MATERIAL FOR THIS TASK |
[Start of section]

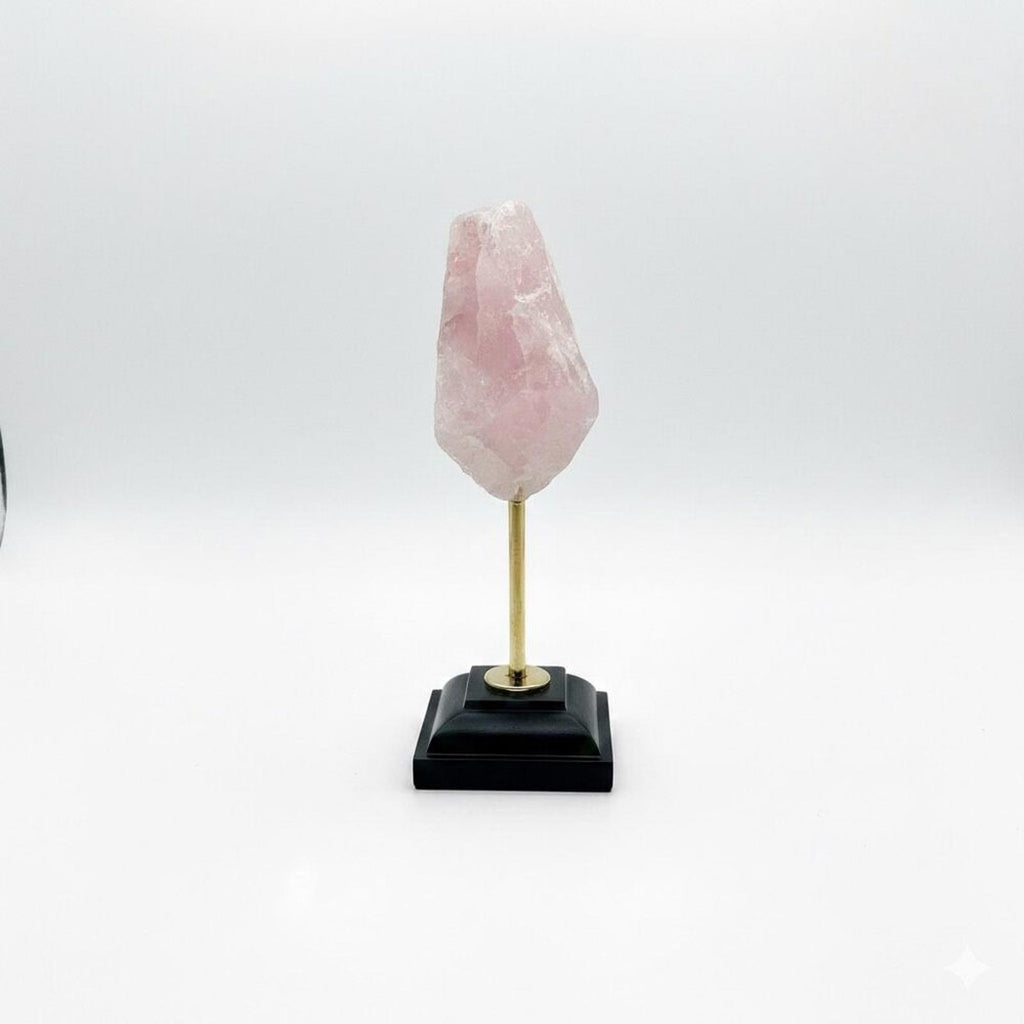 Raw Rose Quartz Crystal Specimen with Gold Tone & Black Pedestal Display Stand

[End of section]
[Start of section]

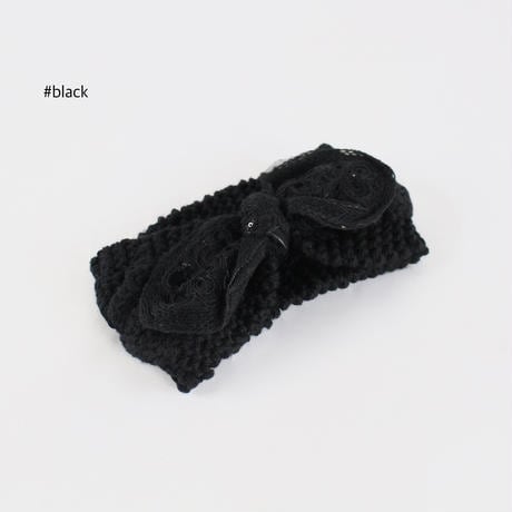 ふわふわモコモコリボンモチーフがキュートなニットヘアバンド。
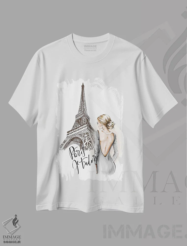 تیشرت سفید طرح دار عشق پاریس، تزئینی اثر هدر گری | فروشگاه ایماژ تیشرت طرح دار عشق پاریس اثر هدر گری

[End of section]

PROBLEM DESCRIPTION | Copy out the lines above from the line containing "ふわふわモコモコリボンモチーフがキュートなニットヘアバンド。" through the line containing "تیشرت سفید طرح", exactly, and keep the pictures out.

REPLY |
 ふわふわモコモコリボンモチーフがキュートなニットヘアバンド。
 تیشرت سفید طرح دار عشق پاریس، تزئینی اثر هدر گری | فروشگاه ایماژ تیشرت طرح دار عشق پاریس اثر هدر گری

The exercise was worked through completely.